When quality issues are detected, you can investigate them conversationally:

"Tell me about the anomalies found in yesterday's scan"
"What's wrong with anomaly 12345?"
"Explain the business impact of the data quality issues in the orders table"
"Which quality checks are failing most frequently?"

The AI retrieves comprehensive anomaly details including the failed checks, affected records count, and contextual information. It can then help you understand the business implications and suggest remediation approaches.

Business Use Cases:

Incident Triage: Quickly understand the scope and impact of data quality issues
Root Cause Analysis: Investigate patterns in anomalies to identify upstream problems
Stakeholder Communication: Generate plain-language explanations of technical issues for business audiences
Remediation Planning: Get AI-assisted suggestions for addressing data quality problems

Client Configuration

Claude Desktop

Add the following to your Claude Desktop configuration file:

macOSWindows

// ~/Library/Application Support/Claude/claude_desktop_config.json
{
  "mcpServers": {
    "qualytics": {
      "url": "https://your-qualytics-instance.qualytics.io/mcp",
      "headers": {
        "Authorization": "Bearer YOUR_API_TOKEN"
      }
    }
  }
}

// %APPDATA%\Claude\claude_desktop_config.json
{
  "mcpServers": {
    "qualytics": {
      "url": "https://your-qualytics-instance.qualytics.io/mcp",
      "headers": {
        "Authorization": "Bearer YOUR_API_TOKEN"
      }
    }
  }
}

Cursor

Add the following to your Cursor MCP configuration:

{
  "mcpServers": {
    "qualytics": {
      "url": "https://your-qualytics-instance.qualytics.io/mcp",
      "headers": {
        "Authorization": "Bearer YOUR_API_TOKEN"
      }
    }
  }
}

Example Conversations

Setting Up Quality Monitoring for a New Dataset

You: We just connected a new PostgreSQL database called "ecommerce_prod". Can you help me understand what's in there and set up some basic quality checks?

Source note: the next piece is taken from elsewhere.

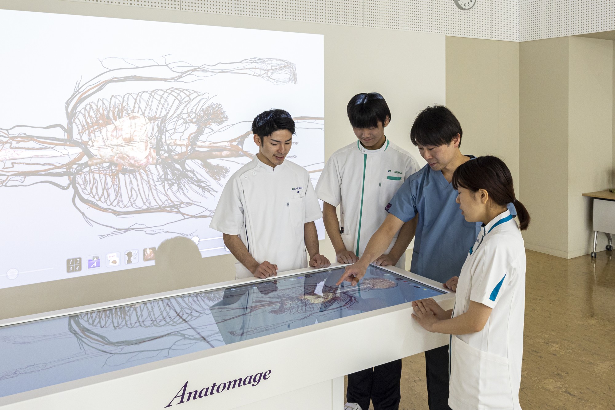 ・人体の構造・臓器をビジュアル3Dで学べる「アナトマージテーブル」を使用し医療人の基盤である解剖学の知識を修得。

AI: I found 12 tables in the ecommerce_prod datastore. The main ones appear to be customers, orders, order_items, products, and inventory. Would you like me to describe the schema for any of these in detail?

You: Yes, tell me about the orders table and suggest some quality checks.

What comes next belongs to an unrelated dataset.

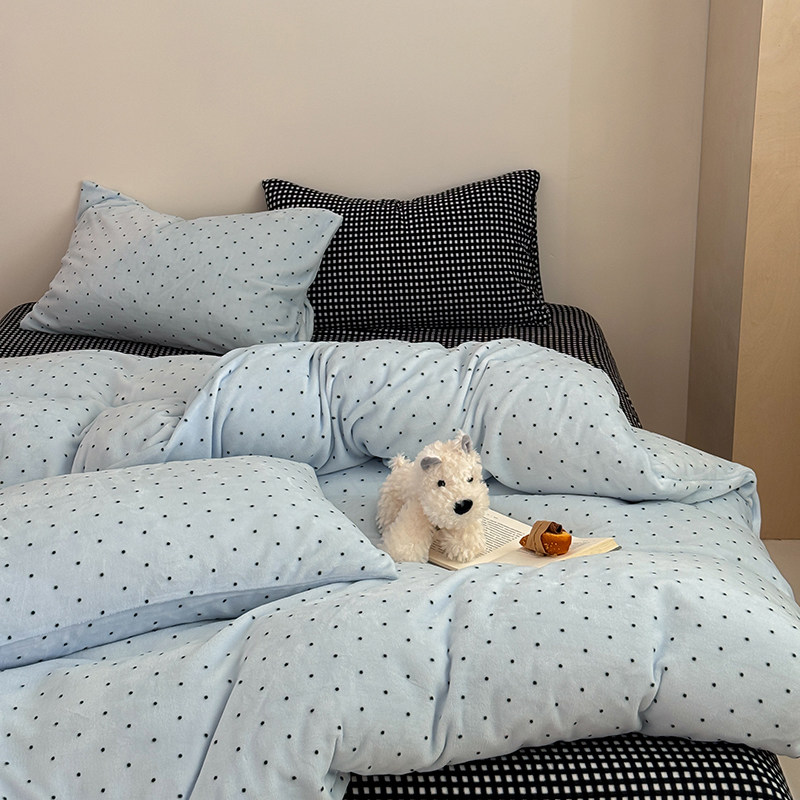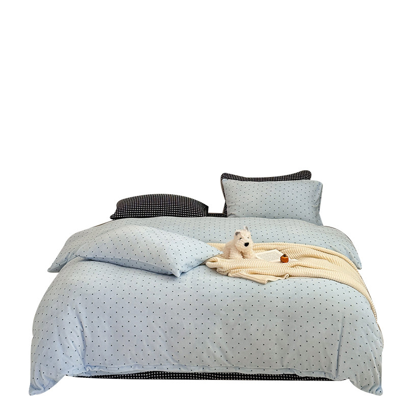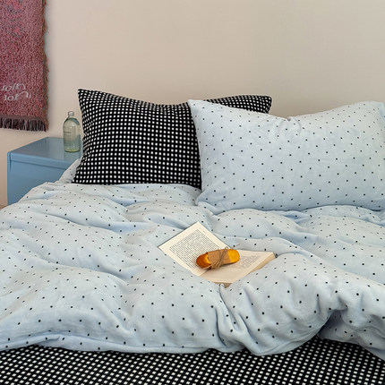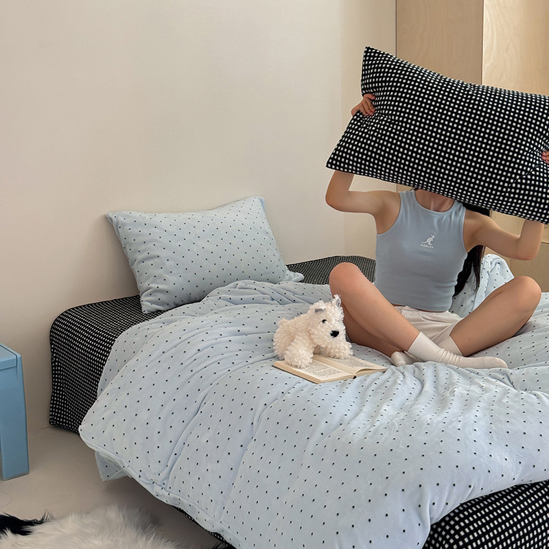 ins少女风撞色波点简约牛奶绒四件套秋冬保暖珊瑚绒被套床单床笠

AI: The orders table has 15 fields including order_id, customer_id, order_date, ship_date, status, and total_amount. Based on the schema, I'd recommend these quality checks:

order_id should be unique

customer_id should not be null

total_amount should be positive

ship_date should be after order_date when both are present

status should be one of your valid status values

Want me to create these checks?

Investigating a Data Quality Alert

You: We got an alert about anomalies in the transactions table. What's going on?

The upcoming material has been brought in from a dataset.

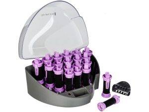 В наборе также имеется контейнер, 20 термобигудей, зажимы. Преимущество модели – наличие функций ионизации и терморегуляции. Покрытие тефлоновое.

AI: I found 3 anomalies from the last scan. The most significant is a "Not Null" check failure on the merchant_id field—247 records have null values where this field is expected to be populated. This started appearing after the batch that loaded at 2:00 AM. The affected records all have source_system = 'legacy_import'. Would you like me to show you the specific check that's failing or help investigate the source of these null values?

Building Cross-System Analytics

You: I need to analyze customer lifetime value but our customer data is in Salesforce (synced to Snowflake) and our transaction data is in our PostgreSQL operational database. Can you help?

AI: I can create a computed join that combines data from both sources. I'll join the customer table from your Snowflake datastore with the transactions table from PostgreSQL on customer_id. What fields do you need in the result? At minimum I'd suggest customer details, total transaction count, total spend, and first/last transaction dates.

You: That sounds right. Also filter out any test customers.

AI: I've created a computed join called "customer_lifetime_value" that combines the data and excludes records where the customer email contains "test" or the customer_type is "internal". The join is now available as a container in Qualytics. Would you like me to set up quality checks on this new dataset or run a profile to understand the data distribution?